La foule est de plus en plus fébrile lorsque le dernier roadie quitte la scène et que les lumières s'éteignent enfin, et les cinq new yorkais que tout le monde attends apparaissent sur la scène, et c'est sans surprise New City Cops qui ouvre le set, malgré un son qui laisse un peu à désirer, le groupe assure, le public s’époumone sur le refrain: "New York City cops, New York City cops, they ain't too smart !". 


Ils continuent avec Alone together, s'appuyant sur les trésors dont recèle Is This it, leur premier album. Le groupe enchaîne avec Reptilia, la foule est littéralement en délire. L'amour des fans pour le groupe est quasiment palpable dans la salle, cinq ans après leur dernier concert dans la capitale française. S'ensuit le premier morceau de la soirée tiré d'Angles, Machu Picchu, titre aux sonorités eighties, et au groove indéniable. Durant le reste de leur set, The Strokes ont alternés les morceaux de leurs quatre albums, mais avec une grande préférence pour Is This It, avec, hormis les deux qui on ouvert le show, The Modern Age, un de mes morceaux préféré ever, Is this it, Someday, Last nite (qui termina en une explosion de de joie la première partie du set grâce à son solo toujours aussi jouissif ) et enfin Hard to Explain et Take It Or Leave It cloturant le rappel ! Loin devant Angles avec ses 5 cinq chansons: Machu Picchu, Undercover Of Darkness, You're So Right, Gratisfaction et ses guitares sortant tout droit des seventies et enfin Life Is Simple On The Moonlight, ballade futuriste et son "Don't try to stop us, don't try to stop us, get out of the way".
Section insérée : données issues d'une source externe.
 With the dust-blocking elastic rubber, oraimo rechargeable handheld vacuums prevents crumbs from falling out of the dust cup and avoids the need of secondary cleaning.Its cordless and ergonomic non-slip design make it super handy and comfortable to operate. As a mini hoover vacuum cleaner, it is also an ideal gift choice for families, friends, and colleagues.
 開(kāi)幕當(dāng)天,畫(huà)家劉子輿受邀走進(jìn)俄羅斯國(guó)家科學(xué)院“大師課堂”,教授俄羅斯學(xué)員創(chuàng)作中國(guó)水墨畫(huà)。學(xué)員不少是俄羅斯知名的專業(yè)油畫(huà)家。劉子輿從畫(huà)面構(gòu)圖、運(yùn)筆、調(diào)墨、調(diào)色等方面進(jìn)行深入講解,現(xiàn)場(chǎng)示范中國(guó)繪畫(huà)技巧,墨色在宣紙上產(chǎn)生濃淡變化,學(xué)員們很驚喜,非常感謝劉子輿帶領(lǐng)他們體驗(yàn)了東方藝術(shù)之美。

Room on fire, quant à lui, a été bien servi malgré seulement quatre chansons: Reptilia donc, la classique Under Control, remaniée pour les lives et grand moment slowmotion/romantisme de la soirée, What Ever Happened ? et Automatic Stop. Et c'est évidemment First Impressions Of Earth, l'album le plus sous estimé du groupe selon moi, qui brille par son absence quasi totale avec seulement deux chansons, les excellentes Juicebox et You Only Live Once, où le public s'est le plus déchaîné. 
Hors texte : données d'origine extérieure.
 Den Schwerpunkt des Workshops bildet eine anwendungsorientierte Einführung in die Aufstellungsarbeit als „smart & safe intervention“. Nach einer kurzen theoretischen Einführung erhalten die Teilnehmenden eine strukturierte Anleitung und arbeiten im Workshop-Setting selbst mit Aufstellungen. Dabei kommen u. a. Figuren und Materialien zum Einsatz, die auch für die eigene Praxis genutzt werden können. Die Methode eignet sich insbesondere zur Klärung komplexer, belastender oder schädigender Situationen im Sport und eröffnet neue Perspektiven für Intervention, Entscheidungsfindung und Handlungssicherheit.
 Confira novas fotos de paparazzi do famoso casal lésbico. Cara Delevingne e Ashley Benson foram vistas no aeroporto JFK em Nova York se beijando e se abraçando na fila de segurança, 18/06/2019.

Julian nous gratifia d'un "Thank you so much, je vous aime tous ! Thank you !", juste avant de nous quitter avec l'éternelle Take it or Leave it, la chanson se termina, le groupe quitta la scène en nous saluant, nous laissant dans une totale euphorie. Ainsi, les Strokes ont prouvés encore une fois qu'ils sont toujours autant capable de transmettre une énergie folle sur scène et ce 13 ans après leurs débuts, servis par une setlist regroupant leurs plus grands titres, comblant le public au plus haut point, malgré un set assez court (1h15 seulement).
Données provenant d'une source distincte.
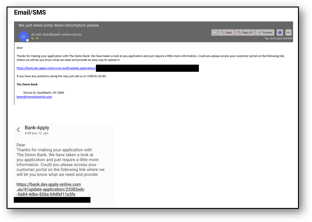 - Customer Document button – which would trigger an email and/or SMS to the customer that a request for documents has been made via the lender.
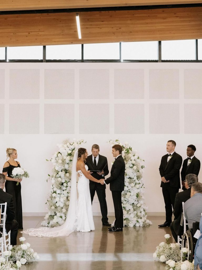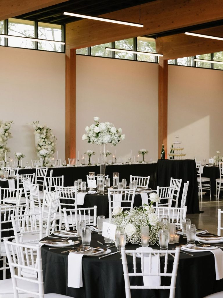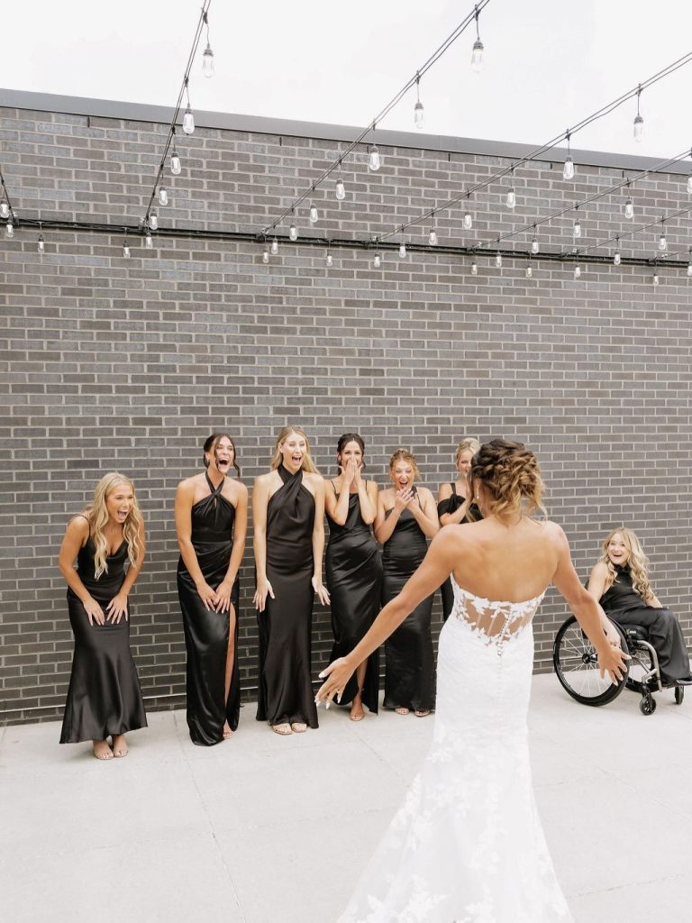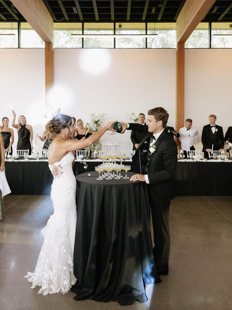 Headed into the weekend with full hearts after looking back on Paige and Braden’s stunning summer wedding at the Des Moines Heritage Center. A classic black and white palette set the tone for a celebration that felt both elevated and effortlessly fun, proving that timeless style never goes out of fashion. From the very beginning, every detail was thoughtfully curated to reflect a clean, sophisticated aesthetic. Paige looked absolutely radiant with a chic bridal up-do by Hair by Grace Joy, perfectly complementing the overall vision of the day. The venue itself provided a beautiful backdrop, allowing each design element to shine while still feeling cohesive and refined.
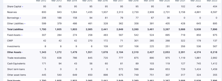 Since there may be some years when enough cashflow ( notice first row in the pic) not being generated which is absolutely normal, we look at 5 year CFO/PAT, which is only 56% ( CF0 - 2050cr against PAT 3640cr), way behind the acceptable mark. If we look at peer Affle India, generating CFO/PAT > 80% consistently.
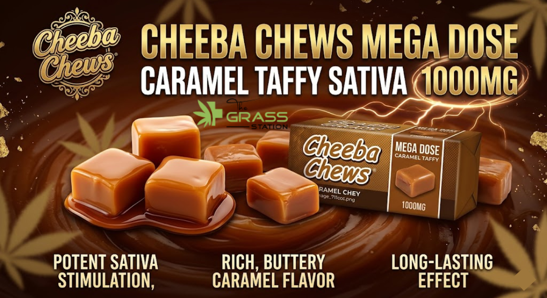 Shop 1000mg THC Edibles at The Grass Station. Featuring Cheeba Chews Mega Dose Sativa Caramel Taffy. High-potency, lab-tested, and professionally crafted.
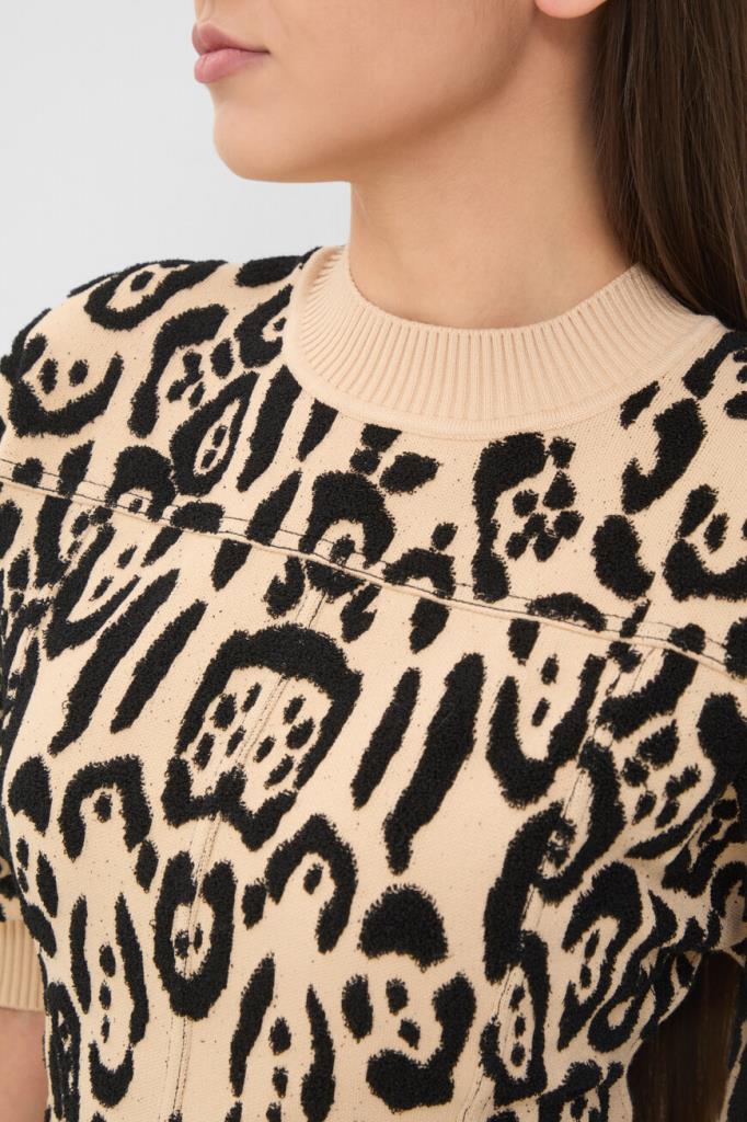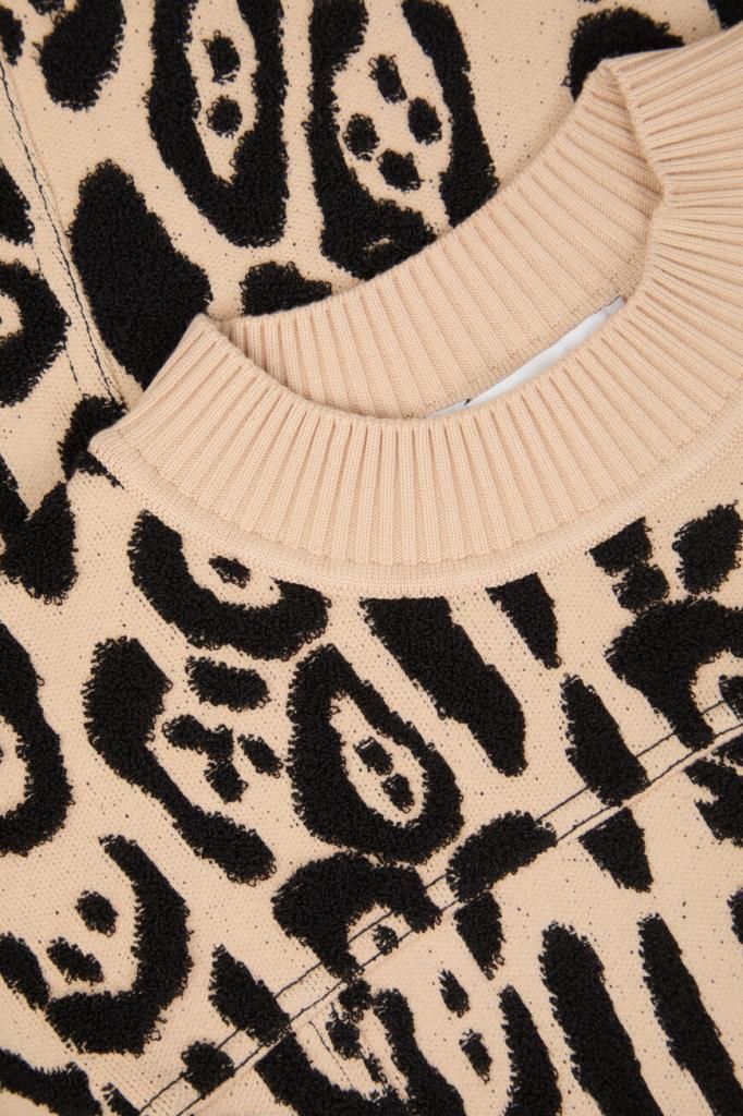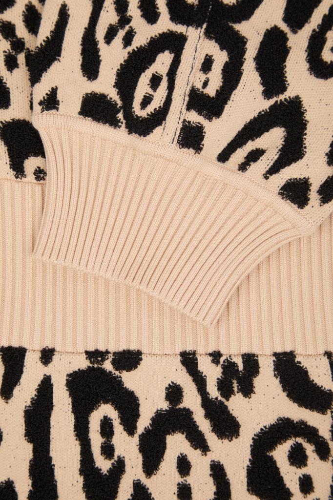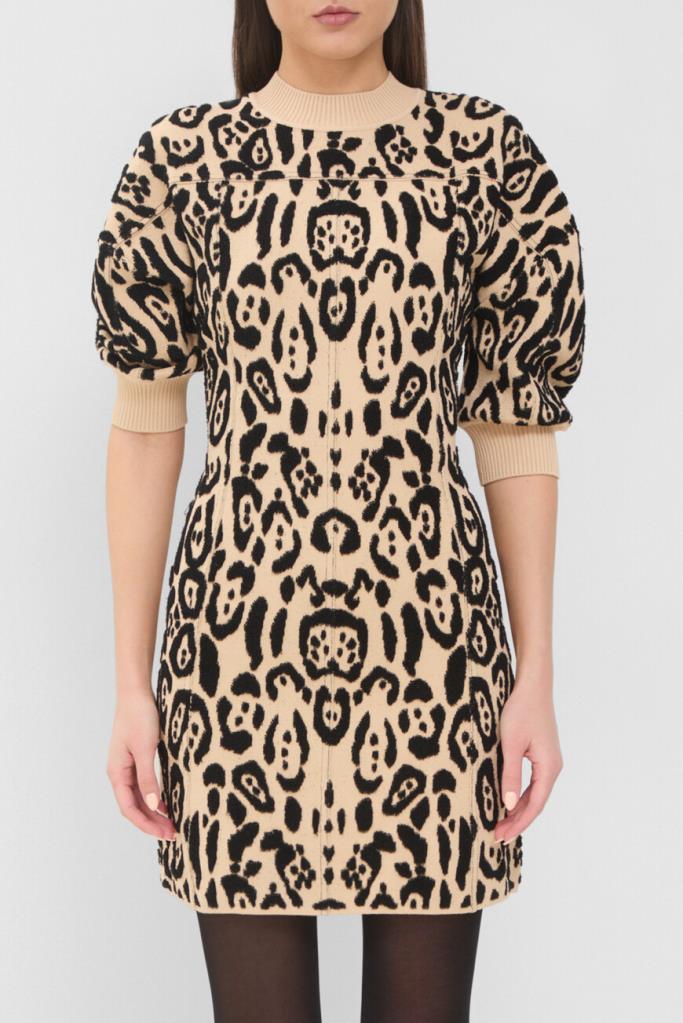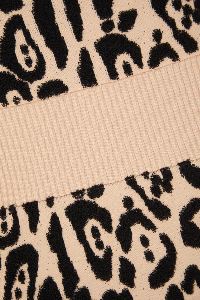 Платье Max Mara с жаккардовым узором и выразительной махровой отделкой. Дикий анималистичный принт придает силуэту особую остроту, а свободный фасон и спущенные плечи позволяют чувствовать себя комфортно и двигаться без ограничений. Эластичные вставки в рубчик на горловине, манжетах и линии талии деликатно подчеркнут фигуру, добавив в образ женственности.

The Strokes, plus grand groupe de ces dix dernières années ? Moi je dis oui !
Le groupe est actuellement en train d'enregistrer de nouvelles chansons afin de sortir son cinquième album le plus tôt possible, alors il n'y a aucun doute à avoir sur le fait que les Strokes ne mettrons pas cinq autres années avant de revenir combler de bonheur la capitale.